Tag Archives: Inman Squre

Lightening up

Rather than navel (or hip) gazing, I thought I would try to write something interesting or funny. It may or may not work out.

There’s a creepy video making the rounds of social media today.

I would totally freak out and not have any idea what to do and likely get robbed. But that’s not funny, hence not the subject of this post. Instead, it reminded me of the night I actually did the same thing.

Years and years and years ago, when the planet was new, my hip was organic, and I had not reached the geriatric state in which I now find myself, I was younger and foolisher. I wasn’t actually young when all of the foolish in me happened, and I’d reckon there is foolish to come. But foolish I was and actively doing stand up comedy.

My favoritest place to be comedy-wise was the Walsh Brothers’ Great and Secret Show every Thursday at 10 p.m., conveniently located in my old neighborhood of Inman Square Cambridge. As a side note, in addition to being my most favorite place, it was also a place of butterflies in my stomach, insecurity and some not insignificant degree of anxiety.

But, what the hell, what didn’t kill me made me stronger. And, I got to hang out with two of the best guys I have ever met. People who I hope will be friends to the end. People with whom I have had rambling and brilliant conversations into twilight hours and ate pizza or chicken doner or guacamole depending upon the coast or continent.

Anyway, the scene is an empty urban street in front of an empty urban theater with yours truly between two urban brothers. Undoubtedly beer had been drunk.

Off to the side, a pothole or manhole or other kind of city street hole was surrounded by orange cones. A serendipitous ring of orange safety.

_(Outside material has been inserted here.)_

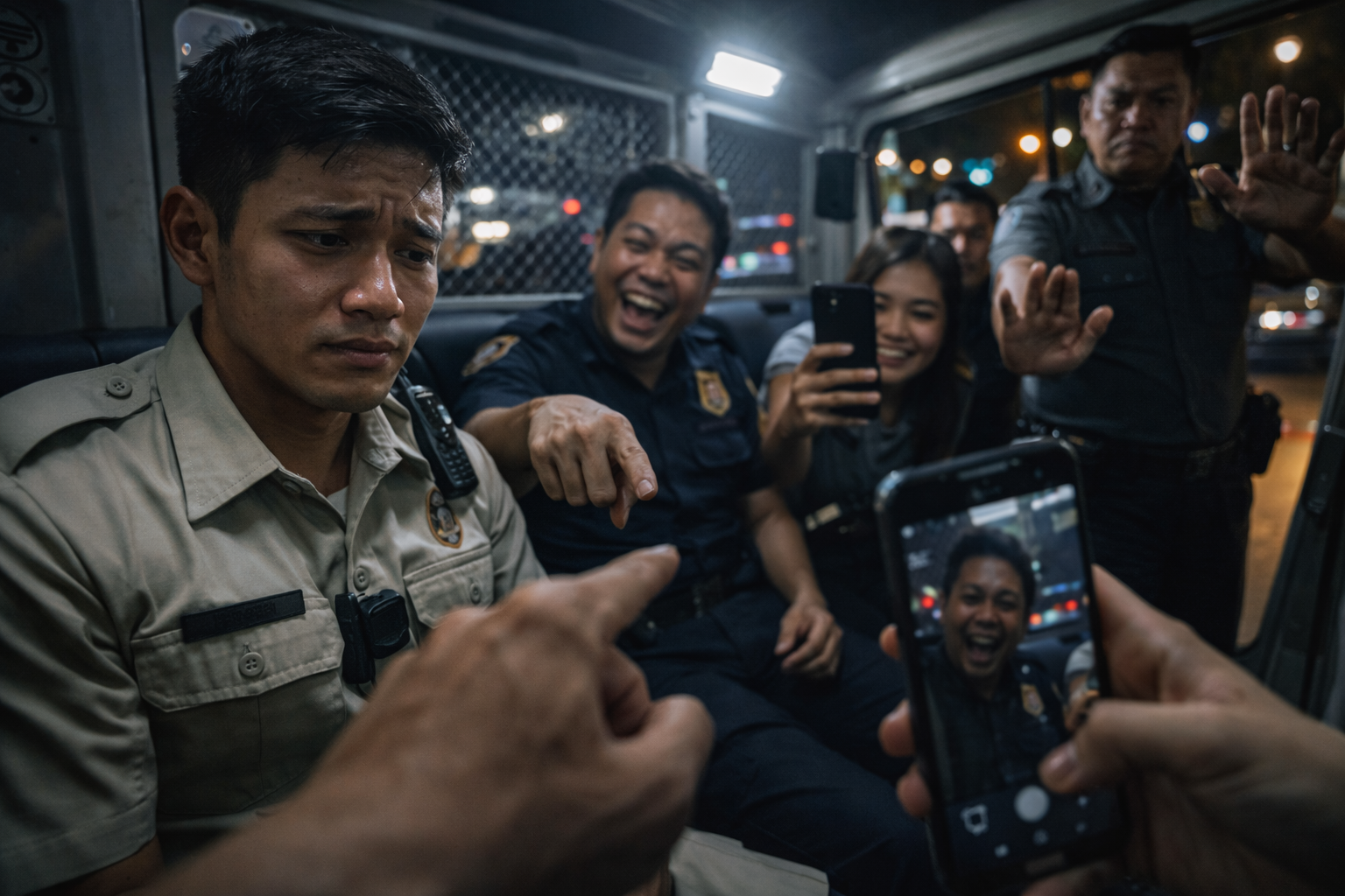 Sa tapat niya, isang daliri ang nakaturo—malapit, mapanukso, at may kasamang tawa na tumatama sa rehas ng bintana at bumabalik sa loob ng van na parang paulit-ulit na sampal. Sa likod, dalawang pulis ang halos magkasabay tumatawa; isa’y nakanganga sa tuwa, isa naman ay nakangiting kumukuha ng video gamit ang cellphone, sabik na sabik na gawing eksena ang pagkatalo ng kapwa nila. Sa dulo, may isang mas matandang pulis na nakataas ang palad na parang traffic enforcer—hindi para tumigil ang bullying, kundi para pigilan ang sinumang aawat. Sa labas ng bintana, kumikislap ang ilaw ng siyudad—pero sa loob, tila mas madilim ang mundo.

The street is called Cambridge Street, and it’s one of two or three main streets in the city of Cambridge that run through a large length of the city. It’s boulevard wide and mostly commercial with the occasional row of houses breaking up squares of shops. Cambridge Street is the heart of Inman Square.

It was probably David, but it could just as easily have been Chris, who pumped the beer in his veins to his gray matter, took in the orange cones and decided it was time for a roadblock. The three of us moved the orange cones perpendicular to Cambridge Street, straight up blocking all traffic.

It was cold but not unbearable, and a there was a bench nearby.

We giggled as cars approached from either direction. They would slow and then stop, assessing the situation and slowly turn around and head back from whence they came. We were laughing like loons.

Honestly, it was perhaps the only time in my life that I was a full on vandal. Part of my laughter was the liberation from my other self, the completely serious, maybe too serious, woman who by day managed grants and budgets for a large research center within a cancer hospital. My daytime colleagues would have simply been confused by my nighttime beahvior.

Actually, I have to confess. There was another transgression in my life. I was there when a group of elementary school kids surrounded the telephone pole kitty-cornered to my house and contemplated what would happen if the attached fire alarm was pulled. Someone pulled it.

I remember the door-to-door canvass by local law enforcement and the knock on our own door. I sort of remember my mother’s anger. But I cannot recall if I confessed then or ever.

Meanwhile on a dark bench with the Walsh Brothers, our laughing was interrupted. One man who approached the roadblock got out of his car to thoroughly scan the situation. His surveillance led him to lock eyes on a benchful of giggling knuckleheads.

Perhaps in August, when people sit on stoops or benches all over the city to catch whatever errant breeze might waft by, we may have gone unnotieced. But in late fall or early winter, coat weather, too late to be sitting upright on a city bench rather than lying asleep, hopefully inconspicuous and sadly homeless, we were our own beacon under the street lamp.

I wish videotaping on a cell phone was the ubiquitous thing it is now. He was literally hopping mad. Words couldn’t form around the idiocy of why we should do such a thing.

He strode into the street, moved enough cones to clear his path, and drove off into the night, no doubt with steam shooting from his ears. We walked in the opposite direction.